Sec. Transportation and Transit Systems
Volume 11 - 2025 |
doi: 10.3389/fbuil.2025.1546957
This article is part of the Research Topic Application of Artificial Intelligence in Monitoring, Maintenance and Rehabilitation of Railway Tracks View all articles
Hybrid Learning Strategies: Integrating Supervised and Reinforcement Techniques for Railway Wheel Wear Management with Limited Measurement Data
Provisionally accepted- 1 Department of Civil and Environmental Engineering, Faculty of Engineering, Prince of Songkla University, Songkhla, Thailand
- 2 Advanced Railway Infrastructure, Innovation and Systems Engineering (ARIISE) Research Unit, Department of Civil Engineering, Faculty of Engineering, Chulalongkorn University, Bangkok, Thailand
- 3 Department of Civil Engineering, University of Birmingham, Birmingham, England, United Kingdom
Train wheel wear significantly impacts wheel-rail interaction forces and is an unavoidable issue in the railway industry. This study focuses on regular wear, specifically changes in wheel profiles such as tread wear, flange height, and flange thickness.

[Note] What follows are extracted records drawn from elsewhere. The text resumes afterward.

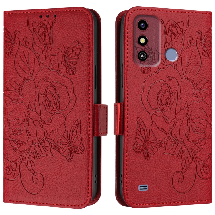 Funda para ZTE Blade A53 de Cuero Antirrobo RFID con Rosa en Relieve (Rojo)
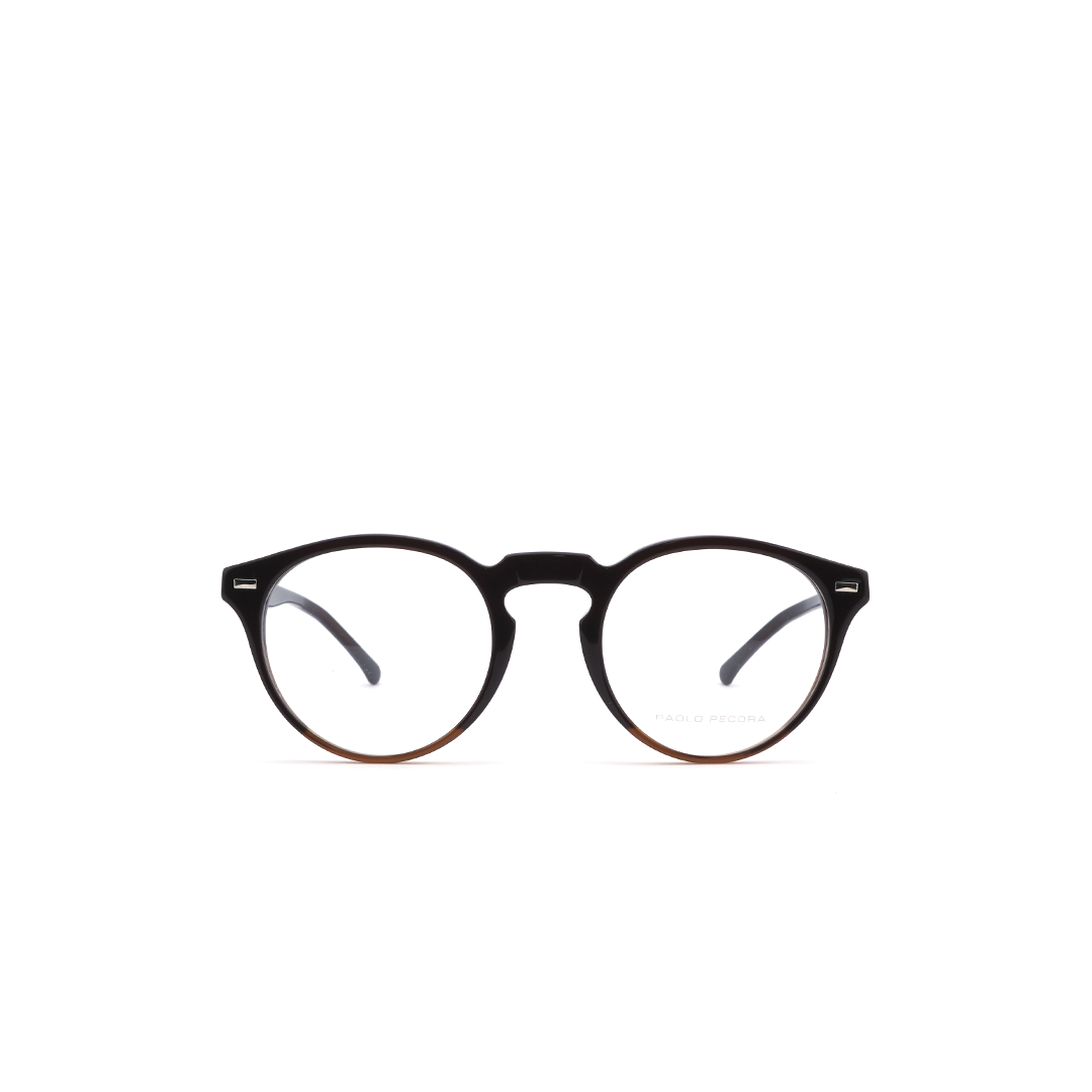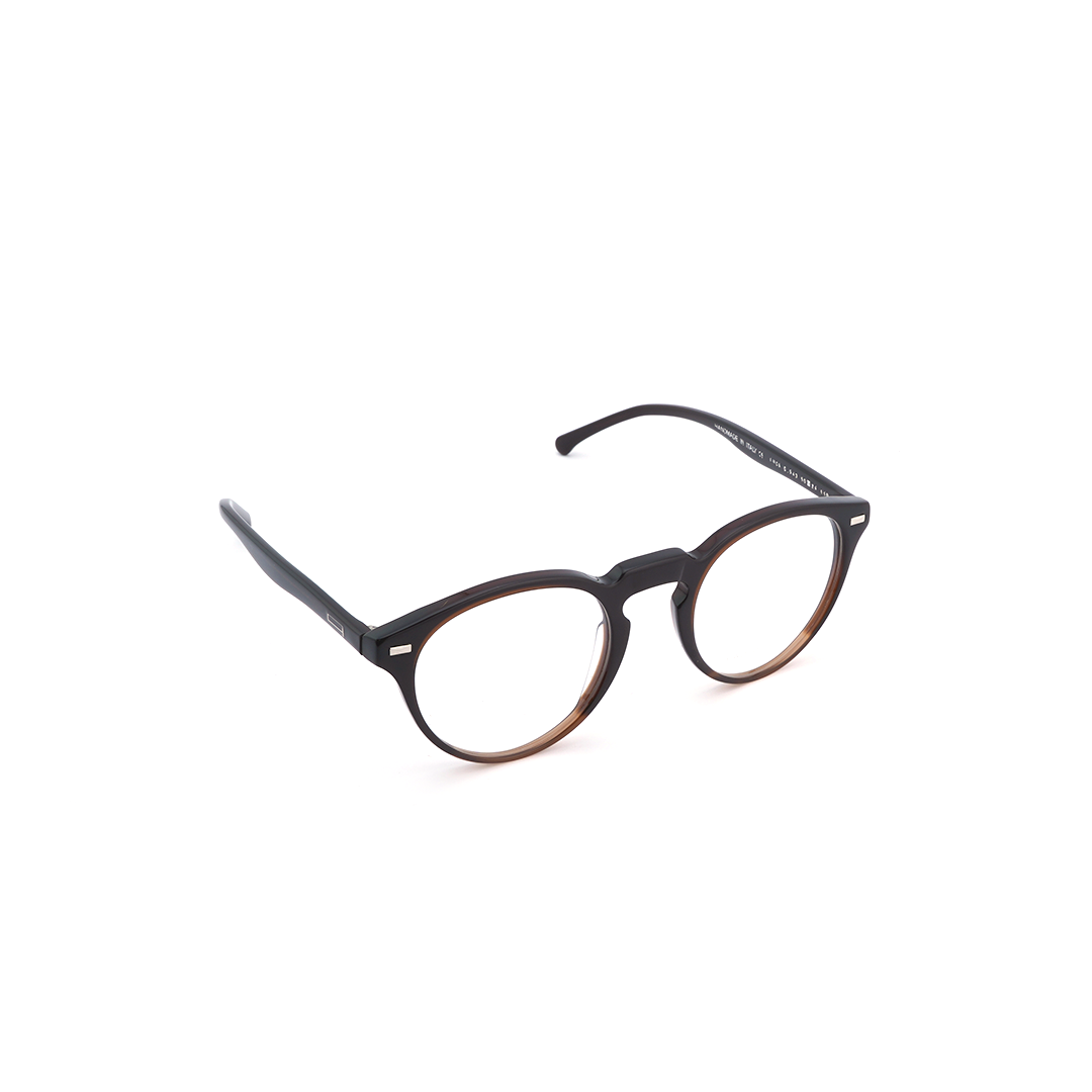 Armazón con lente circular en color negro con café, hecho a mano en Italia.
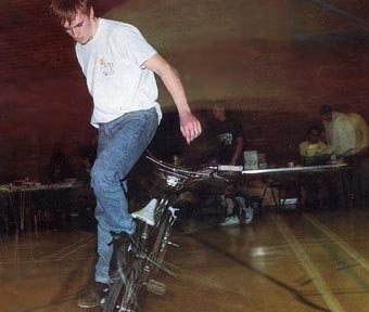 | backward | Jason Harrison, august 2005: I used to ride as a regional pro in the southeastern US for General Bikes from around 86 / 87 until 1990. Back when forwards rolling tricks were just coming into their own I flipped everything backwards and to the best of my knowledge I was the first person to come up with the following: Note: Backwards means that I flip the bike 180 (first half of a rock-walk) at medium speeds and start the following tricks rolling backwards. • Backwards Hang 5 (1987) • Backwards One Handed Hang 5 (1987) • Backwards Cross-Footed Hang 5 (1987) • Backwards Hang Nothing (1987) • Backwards Whiplashes (1987) • Backwards Hitchhiker (1988) • Backwards Cyborg (1987) • Backwards Hang 10 (1987) • Backwards One Handed Hang 10 (1987) • Backwards Ashtray (1987) (An elbow glide variation – flip 180 to rolling backwards, step to the side of the bike, throw a whiplash and catch the seat with your elbow as the whiplash comes around - sort of like in an ankle-death position, but back end off the ground in an elbow glide – once the seat is caught you immediately swing into a tight circle rolling backwards for a couple of rotations – I’ve never seen anyone else do these to date – it was called an Ashtray because of the round circle you would end up doing at the end (like a round ashtray) and because it was a fairly hard trick that “burned” most of the riders who tried it in and around where I rode the most.) • Backwards Cross-Footed Ashtray – Same as above, but opposite footed. (1988) • Rollercoaster – A G-Turn standing on the rear pegs to a decade off the rear pegs (1986) • Combo #5 – Backwards hang 5 to a cross footed backwards hang 5 to a backwards, cross-footed backwards whiplash, to a smith decade out. (there is another variation that replaces the smith decade with a gyrator to a smith decade and out, but that one came a bit later) (1989) I can still do all of these tricks today and ride as often as I can despite being the owner of my company, married with two daughters, and just turned 37 years old. |

Effective wheel wear management is crucial for maintaining the reliability, safety, and efficiency of rail systems. However, regular measurement of wheel profiles is often limited by constraints such as dense traffic, budget, time, and remote assets, which reduces the effectiveness of traditional maintenance approaches. This study proposes a hybrid learning strategy combining supervised and reinforcement learning techniques to optimize train wheel wear management under these constraints and achieve predictive maintenance. The supervised learning model, developed from validated simulations, predicts wear progression, while reinforcement learning improves maintenance decision-making using basic operational data without regular measurements. Various machine-learning techniques are explored and fine-tuned to identify the best models for preventing faulty wheels without the need for frequent inspections. By integrating these two learning approaches, the framework enhances the accuracy of wear predictions and optimizes maintenance schedules, reducing the risk of over-maintenance or unexpected failures. This integrated model addresses challenges such as system complexity, limited data, and costeffectiveness in the industry. In terms of supervised learning, the R² for tread wear prediction improves from 0.94 to 0.95 compared to previous studies, and the model, when integrated with reinforcement learning, significantly reduces defects based on wear and irregular wheel dimensions. This research is the first to integrate supervised and reinforcement learning specifically for train wheel wear management under limited measurement data constraints, offering a breakthrough compared to traditional methods that rely on regular inspections. The study provides significant benefits for the railway industry, including reduced maintenance costs, improved maintenance efficiency, lower defect rates, reduced possession and inspection time, and enhanced passenger comfort and safety.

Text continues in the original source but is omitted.